The family were soon seated at the table. Kiki was sitting quietly on Jack's shoulder, hoping for some unexpected gifts from the table. "No go, Kiki old bird," said Jack. You know I won't feed you at the table. You have already had some sunflower seeds, and there will be more later." Laddie was lying at Snubby's feet, looking up at him hopefully.

"This is an excellent idea," said Snubby, approvingly, helping himself to scrambled eggs with smoked salmon. "A good lie in and then a splendid meal to start the New Year. You really look after us very well, Allie, when we visit you."

"Of course, and naturally we would like to see you more often, but we are a long way from London, and I know how difficult it is for you and Lucy-Ann to get down here. We had Dinah with us at Christmas of course, although she wanted to be back in London for New Year – to be with Alastair of course," Allie smiled happily.

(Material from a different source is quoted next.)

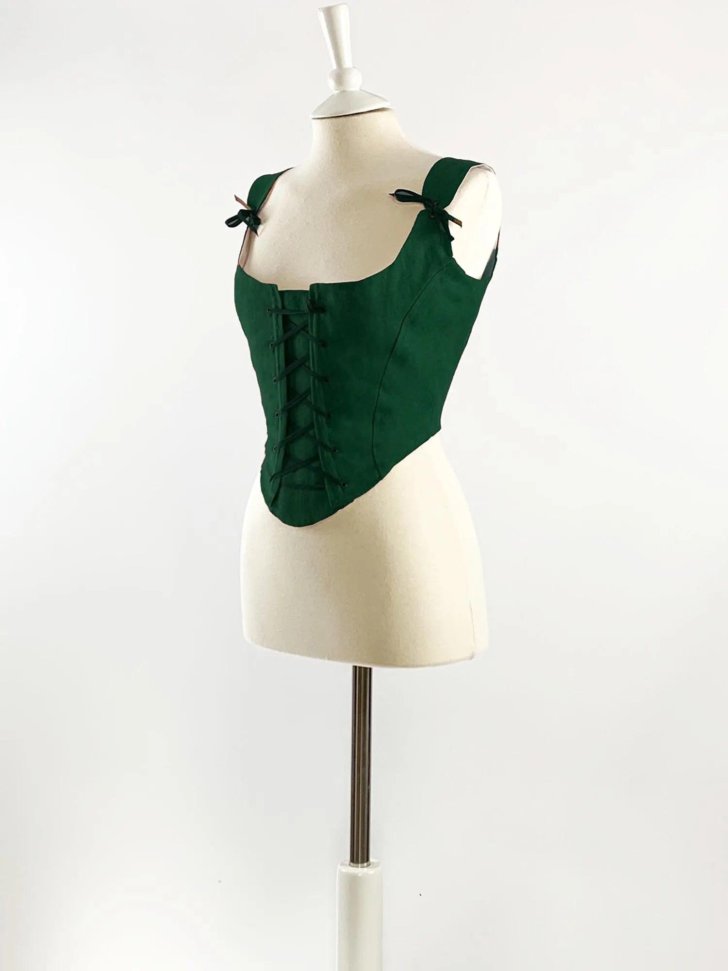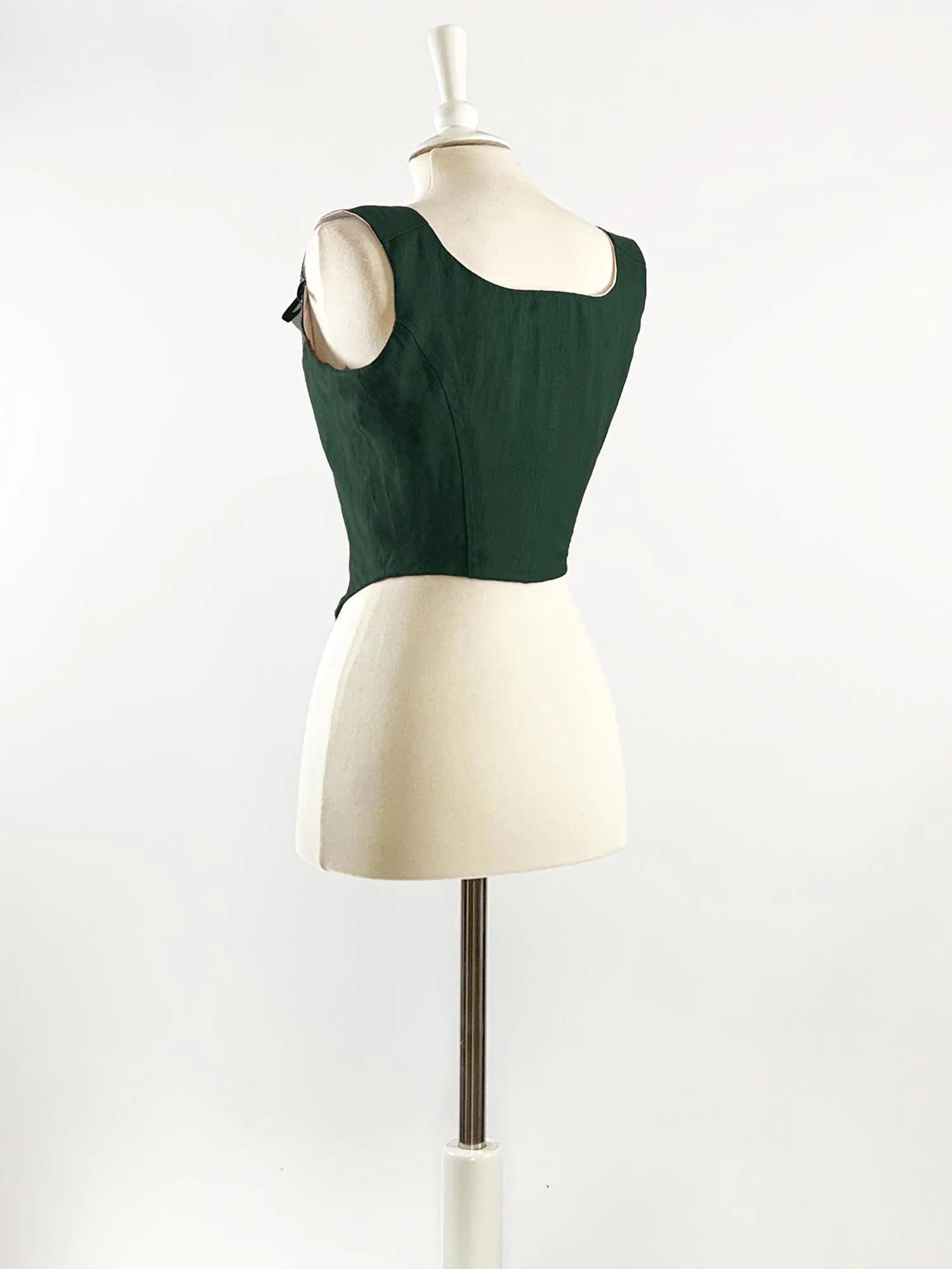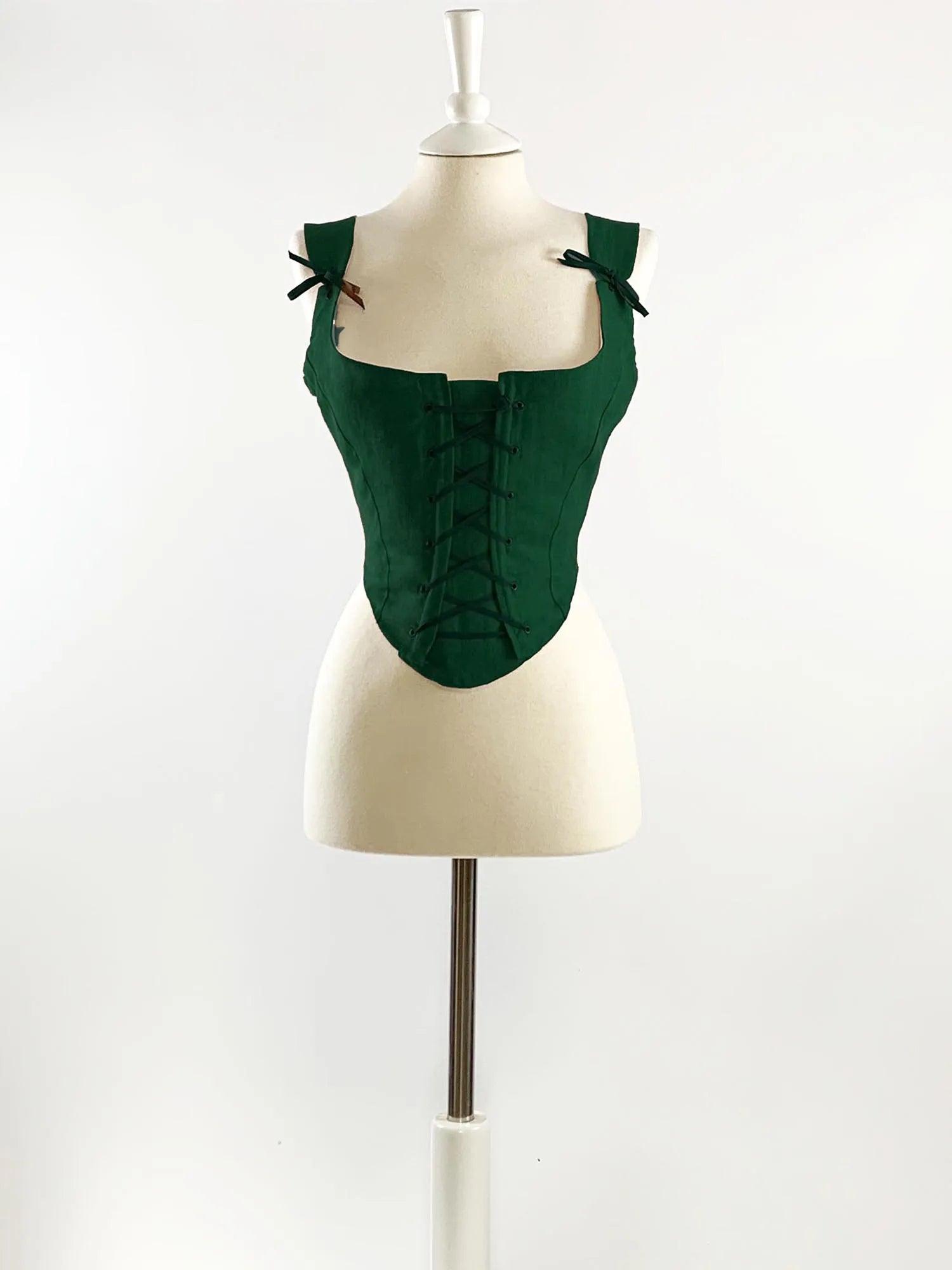 Découvrez la grâce intemporelle d'ISOLDE, notre corset de Paysanne en lin vert sapin. Fabriqué en lin luxueux, il allie sans effort style et confort, en flattant votre silhouette et en la mettant parfaitement en valeur.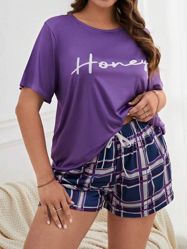 Plus Letter Graphic Tee & Plaid Shorts PJ Set

"They were both going to a very smart party last night in London," said Lucy-Ann, knowingly. "I went shopping with her before Christmas for a dress, and she got just what she wanted at Harvey Nicks. I bet she looked fabulous last night."

"She looked very well at Christmas," replied Allie. "I don't think I have seen her so relaxed for years. She and Alastair apparently had a wonderful holiday in Bermuda. She was still slightly sun-tanned."

"I expect she'll call later to wish us Happy New Year," said Bill, reaching for some cold ham, "and we must also call Phil and Caro later this afternoon – at about mid-day their time." He paused a moment, and looked up. "I have also got some news for you all when we have finished eating."

"What kind of news Bill, good or bad?" asked Jack.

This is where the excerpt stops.